Red Hat Bugzilla – Bug 73880
multiple kernel panics, kernel null pointers, page faults, etc...
Last modified: 2007-04-18 12:46:37 EDT
From Bugzilla Helper:
User-Agent: Mozilla/5.0 (X11; U; Linux i686; en-US; rv:1.0.0) Gecko/20020606
Description of problem:
RedHat 7.3 kernel 2.4.18-5bigmem panics with great frequency generating kernel
Oops. Stack seems to get overwritten with bad data. Servers are 4 way Xeon 1.6
GHz with hyterthreading turned on. Systems have 8 gig physcial RAM and 16 gig
Version-Release number of selected component (if applicable):
Steps to Reproduce:
1. boot system
2. run internal app
Actual Results: System hangs with a kernel Oops dump to the console.
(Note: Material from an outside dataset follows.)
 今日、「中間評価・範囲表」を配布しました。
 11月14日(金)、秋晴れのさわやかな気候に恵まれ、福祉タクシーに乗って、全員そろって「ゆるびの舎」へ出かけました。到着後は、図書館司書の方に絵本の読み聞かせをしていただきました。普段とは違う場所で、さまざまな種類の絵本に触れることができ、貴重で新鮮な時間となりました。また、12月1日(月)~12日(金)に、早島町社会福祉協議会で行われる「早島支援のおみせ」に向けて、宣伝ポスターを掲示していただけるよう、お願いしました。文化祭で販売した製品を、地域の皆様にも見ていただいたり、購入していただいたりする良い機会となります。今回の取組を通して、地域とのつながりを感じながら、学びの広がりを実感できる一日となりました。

Expected Results: no kernel panic
Internal code has run on redhat 6.2, 7.0, 7.1, 7.2, kernel.org 2.4.18 kernel,
suse 8.0 without this problem. I have numerous Oops dumps as examples.
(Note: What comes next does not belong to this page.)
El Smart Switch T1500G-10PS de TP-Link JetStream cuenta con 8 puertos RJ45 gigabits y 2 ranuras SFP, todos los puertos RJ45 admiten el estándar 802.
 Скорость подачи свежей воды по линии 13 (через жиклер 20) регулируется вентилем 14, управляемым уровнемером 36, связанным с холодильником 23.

Created attachment 75964 [details]
Created attachment 75965 [details]
what modules are you using ?
Created attachment 75966 [details]
Here is the output of lsmod:
nfs 89180 47 (autoclean)
lockd 58080 1 (autoclean) [nfs]
sunrpc 83444 1 (autoclean) [nfs lockd]
pcmcia_core 55616 0
eepro100 20848 1
cpqasm 346016 2
cpqevt 6148 0 [cpqasm]
ext3 69824 2
jbd 52896 2 [ext3]
cciss 36672 10
sd_mod 12864 0 (unused)
scsi_mod 114148 1 [cciss sd_mod]
Created attachment 75967 [details]
Created attachment 75968 [details]
Created attachment 75969 [details]
Created attachment 75970 [details]
Created attachment 75971 [details]
Created attachment 75972 [details]
Created attachment 75973 [details]
Created attachment 75974 [details]
Created attachment 75975 [details]
Please try to reproduce this bug without binary only kernel modules loaded and
then reopen the bug
Created attachment 75976 [details]
It has failed without these kernel modules. It should also be noted that these
modules are not binary only, the are open source written by HP and Compaq. I
will post the code if you want? Also note that 7.2 works with these modules.
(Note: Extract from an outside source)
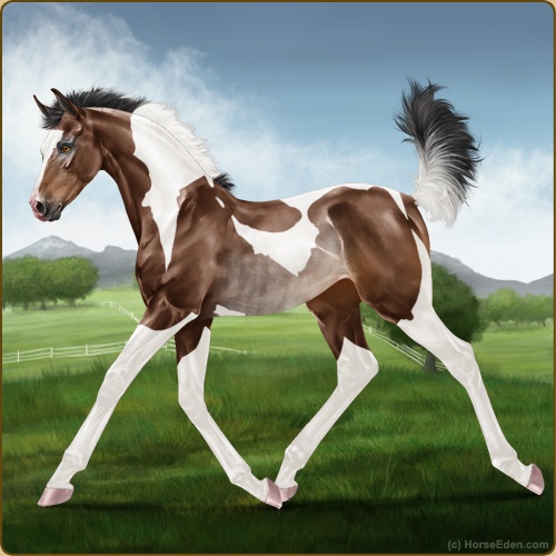 Color: Brown Tobiano Rabicano

if you have an URL to the code, yes please; I'd like to take a look and check
their stack behavior for one (assuming they are actually open source and not
just a binary only blob with some glue code)
Created attachment 76004 [details]
attached module code, anything within that is not open source I can probably get
HP to get/work with you off-line.
It should be noted that this problem also occures without the kernel module loaded.
this is a very HUGE binary only module with a tiny bit of sourcecode ;(
Anyway please try the 2.4.18-12.5 or 2.4.18-14 kernel from the rawhide portion
of our FTP site; it has a stack overflow detector that actually might give a
backtrace BEFORE the stack overflows (the trace AFTER it does is basically
useless ;( )
In order to get a reliable netdump "vmcore" on Red Hat 7.3 we need
the "netconsole" module from Red Hat. It seems that Red Hat 7.3
bundles "netdump-server-0.6.4-1.i386.rpm" and "netdump-0.6.4-1.i386.rpm" but
does the 2.4.18-3 bundled kernel _does_not_ include the "netconsole" module
required for "netdump" client to function correctly.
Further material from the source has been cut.